On s'est aperçus que l'on s'était aimés, chacun avait son rôle et puis comme on n'avait pas d'héritiers, Gérard Menjoui a cru pouvoir tout s'approprier.

Amédée Bu l'avait prévu : son testament tenait en trente-deux pages et toute sa fortune, ses biens, ses manuscrits furent répartis dans des associations dignes de ce nom.

Aujourd'hui, un petit village peu connu, est devenu prospère.

Et Prosper, yop la boum !

Je sais bien que vous ne me croirez pas

À son air malabar et sa démarche en canard
Faut pas être bachelier pour deviner son métier*

c'est un écrivain né !

Nul n'oubliera Amédée et si vous saviez !

Au fond, dans l'au-delà, on se retrouve et on sait mieux s'aimer !

Et quand on est écrivain, rien ne peut nous arrêter !

Pour tout vous dire, on a écrit nous-mêmes notre épitaphe : "ci-gît la famille Bu qui après la mort a vécu."

On a rejoint tous les poètes qui ont bu plus que des tilleuls menthe, et si nous sommes encore méconnus, nous sommes sur la bonne pente.

A l'automne, toutes les feuilles s'envolent ; allez les ramasser !

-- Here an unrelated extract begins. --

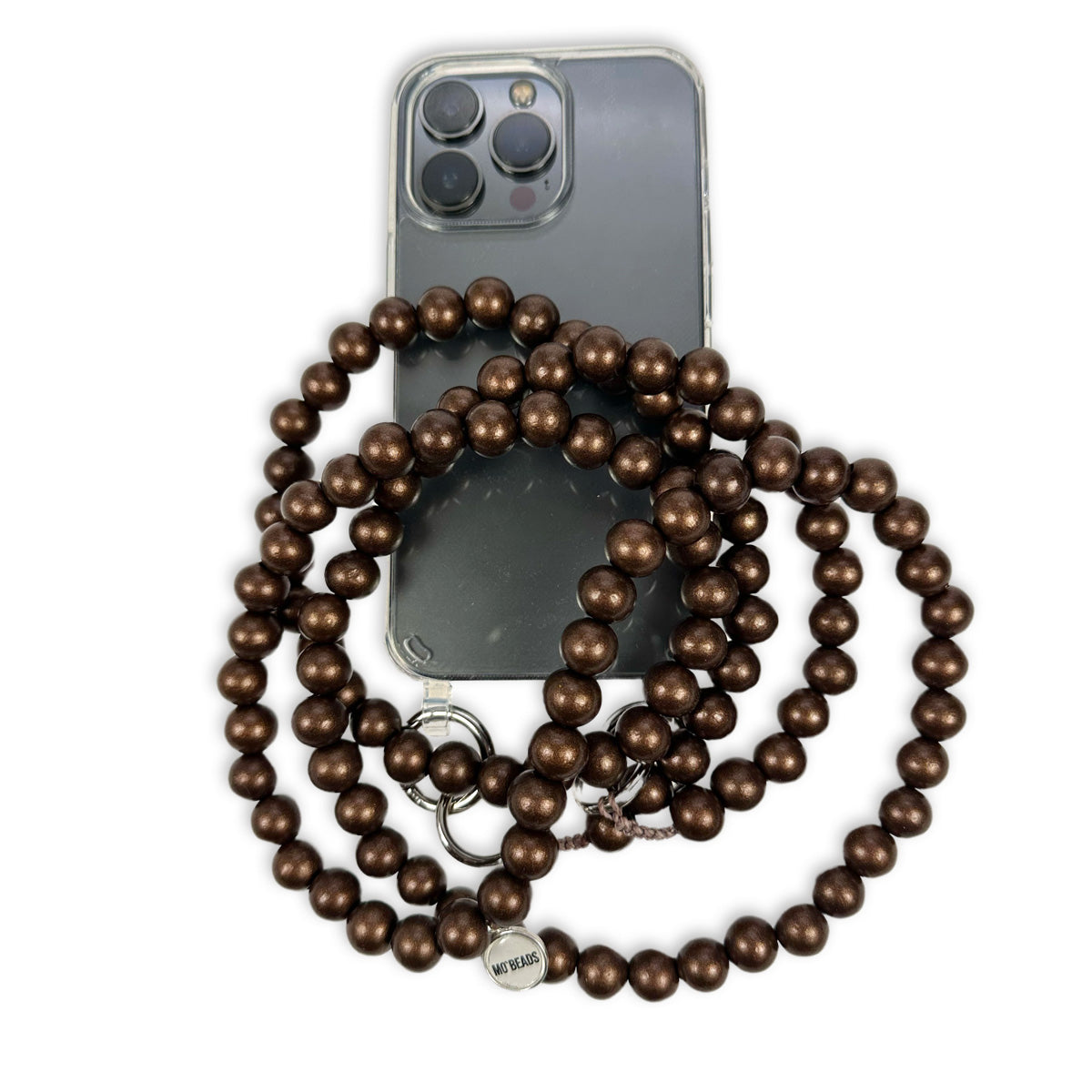 Diese tolle herbstliche Handykette besteht aus 112, in einem tiefen Bronze, gefärbten Holzperlen. Die Handykette hat eine Länge von 130 cm, ist handgeknüpft in Deutschland, auf einen hochwertigen gewachsten Baumwollfaden aufgefädelt und ist durch zwei Taschenringe mit Klickverschluss kinderleicht mit ihrem bestehenden Handykettencover zu wechseln. Angeboten wird nur die Handykette ohne Cover.

On se régale ici ! On écoute "nous n'irons plus au bois"*

Et ce qu'il y a de merveilleux, c'est qu'on peut continuer à écrire !

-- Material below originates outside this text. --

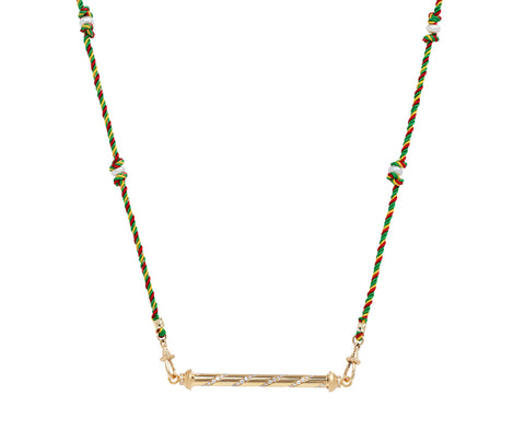 With its minimal, modern design and subtle sparkle, this Marie Lichtenberg necklace has a statement-making design. The 18K yellow gold candycane pendant is set with a swirling diamond stripe and hangs at the center of the long silk thread and pearl chain. Perfect alone, it also adds a playful vibe to a layered necklace look.

* emprunté à une chanson de Maurice Chevalier

* comptine attribuée à Madame de Pompadour


(joailes -) 4 septembre 2025 - 23h 15



Posté(e)

Merci pour cette lecture amusante …

Posté(e)
  • Semeur d’échos

Entre chanson et comptine, place à la fantaisie !

"J'ai bien mangé, j'ai bien bu...'

Posté(e)
  • Semeur d’échos

Il paraît que la pharmacie de Colette Stérole a été reprise par Dimitri Glissé- Reed en association avec Andréa Bu-Impeutrot.

Posté(e)
  • Semeur d’échos

Une véritable Honorée de Balzac es-tu, qui crées un vaste monde de personnages où tu gravites, généreuse (comme l'auteur de la Comédie humaine) en commentaires. Mais en nettement plus drolatique. Ne change rien!